Все дальнейшее в ее воспаленном воображении уже виделось как сплошной поток мытарств, в котором все они, выселенцы, чрезмерно борясь с течением, барахтались зря. Уж не было никаких иллюзий относительно конечного исхода выселения. Стало быть, сейчас следует противиться, используя для этого хоть малейший шанс; нужно непременно улизнуть куда-нибудь, улизнуть, покамест конвоиры еще не следили тщательно за каждым, не очухались, не озверели до крайности.

Поля, всегда отличавшаяся трезвостью своих суждений, сметливостью и решительностью, поделилась с Анной также тем соображением. И она примечала все. Она тоже углядела, как пытался Силин дважды или трижды остановить немецкие автомашины и, манипулируя какой-то бумажкой, о чем-то просил немцев, но они ему, видать, отказывали в его просьбе. Но позднее, когда она, Поля, спохватилась, его с семьей уже не было в колонне. Значит, где-то он удрал. Незамеченный. И Авдотьин тоже. С женой. Значит, что-то есть во всем этом такое, от чего необходимо избавиться скорей, пока не поздно. Это лучше, что соглядатай удрал. Развязались руки малость…

— То-то утречком я услышала, он еще хорохорился сомнительно.

— Метался?

— Да.

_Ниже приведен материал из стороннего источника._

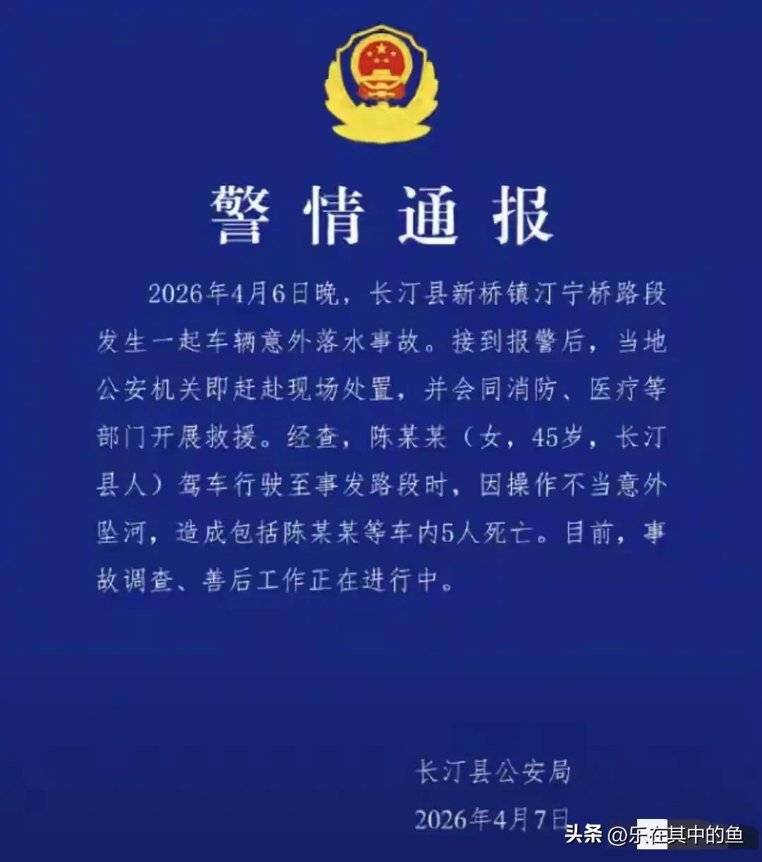事故发生之后,长汀县公安局很快发布了警情通报,确认了司机是45岁的陈某某,因为操作不当导致车辆意外落水。

Как трепло худое. А кишка, знать тонка.

— Памятливый… И запомнил плохо тем, кому гадость причинил.

— Он опять грозился пистолетом. На крайний случай. Тряс им: а вот это у меня на что? То ли у него немецкий, то ли отобранный у пленных красноармейцев — не могу сказать.

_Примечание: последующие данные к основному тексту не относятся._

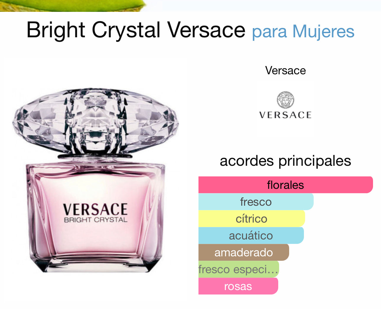 Bright Crystal de Versace es una fragancia de la familia olfativa Floral Frutal para Mujeres. Bright Crystal se lanzó en 2006. La Nariz detrás de esta fragrancia es Alberto Morillas. Las Notas de Salida son yuzu, granada y Hielo; las Notas de Corazón son peonía, flor de loto y magnolia; las Notas de Fondo son almizcle, caoba y ámbar.

— Что он с одним пистолетом сделает? Собачья блажь!

— Нет, он в таком смысле говорил, чтобы, мол, пустить себе пулю, если что…

— Ах, вот как! Вон какая силища их перла, да и та обломалась, видно.

Большак петлял. Вдоль него, возле расставленных снегозадерживающих дощатых щитков, сохранившихся от довоенного еще времени, нанесло целые сугробы. Во время гонки кто-нибудь из идущих периодически заскакивал туда, в снеговые излучины, по нужде…

Антону тоже приспичило сбегать туда. Он поскорее направился вперед, учитывая скорость движения колонны, и зашел в межсугробье. Из этого он попутно заключил, что вообще-то в одиночку, без вещей (усыпив тем самым бдительность конвоиров), можно запросто исчезнуть из колонны; но ведь важно сразу всем исчезнуть, чтоб не потеряться никому. Как же испариться нам от немцев наилучшим образом?

Занятый таким соображением, Антон поскорее возвращался заносом, вдоль щитков, составленных шалашиком — наклонно, уголки на уголки, когда внезапно натолкнулся на обснеженно-недвижное тело девушки в лиловом пальто. Открытые, застекленевшие глаза и покойно-строгое суженное лицо лежащей своим сожалеющим выражением словно пристыдило его в чем-то, в том, может быть, что жил он, занимался интересами пустыми, — он то увидел, хоть и мельком, потрясенный, впечатлительный.

Антон впечатлительностью походил на мать, у которой был еще врожденный такт, природное чутье, и ее сейчас, по возвращении его к санкам, ничуть не обманул возбужденно-лихорадочный блеск его опущенных глаз, его невнятное бормотанье в ответ на ее вопрос, хотя она не стремилась более расспрашивать его о том, что случилось с ним, чтобы не расстроить его еще больше, она видела.

Еще долго волоклись сельчане по большаку и растягивались, и подтягивались, как спохватывались; в их сощуренных слезящихся глазах качались и качались спины, тени от идущих впереди, от газующих автомашин, от деревьев, от сугробов, от следов, и уходило солнце низкое, холодное, словно оно таяло в полыньях чистых серых туч. И Анна еще не раз, переглядывая, пересчитывала про себя всех своих, с кем шла — ползла.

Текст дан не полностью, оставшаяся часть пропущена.